Thanks to part shortages, manufacturing costs are rising but if you're worried about a potential Nintendo Switch price increase, there's good news.

Addressing concerns about the Nintendo Switch, Nintendo president Shuntaro Furukawa recently spoke with Nikkei. Telling the publication that "the problem is that demand exceeds supply", Furukawa was questioned on whether Nintendo would consider price increases for its popular hybrid console. Thankfully, he ruled out this option at this time. 

"We're not considering that at this point, for two reasons. In order to offer unique entertainment to a wide range of customers, we want to avoid pricing people out," Nintendo's president confirmed. Raising the point that Nintendo has sold "more than 100 million Switch units so far", Furukawa insists that it's important to "maintain the momentum of our overall business". 

However, he wouldn't be drawn on whether Nintendo can reach its sales target for Nintendo Switch this fiscal year.
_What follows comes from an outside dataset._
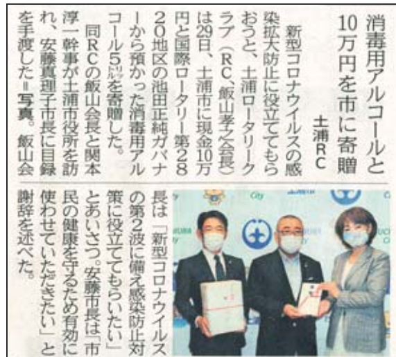
7月31日発行の茨城新聞に掲載されました

That's unsurprising due to the ongoing global chip shortage, which factored into a 23% drop in console sales during Q1 2022. Still, Furukawa believes it'll see a boost from new games like Splatoon 3 and Pokémon Scarlet and Violet, which launch this September and November respectively.

A different quest

A neon red Joy-Con on a table in the foreground, with a Nintendo Switch screen and blue Joy-Con lying on the table in the background, slightly out of focus

(Image credit: Enrique Vidal Flores via Unsplash)

Since launching five years ago, Nintendo's mostly resisted changing the price of its Switch consoles. The only real drop has been for the original variant back when the Nintendo Switch OLED model launched, with Nintendo decreasing the RRP by £20/$25. That said, it's been offering the cheaper Nintendo Switch Lite since 2019, which removes docking functionality for a handheld-only experience.
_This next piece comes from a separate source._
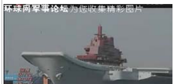
L'ex- Varyag ukrainien aujourd'hui Shi Lang , acheté en 1988 et modernisé depuis lors. 1 er essais officiels en mer le 1 er juillet 2011.

Still, the pricing question's been raised thanks to Meta's recent price increase for its Oculus Quest 2 VR headsets. Going up by $100/£100, Meta blamed rising costs, claiming on an official blog post, "By adjusting the price of Quest 2, we can continue to grow our investment in groundbreaking research and new product development that pushes the VR industry to new heights".

Even with Beat Saber now bundled in, it's a move which faced significant criticism, and some believe this is now the worst time to buy a Quest 2. Sony and Microsoft hasn't commented on similar price increases yet, so it's a relief to see Nintendo making its views clear. Of course, saying "at this point" gives wiggle room for an increase later, but at least it's not immediately on the cards.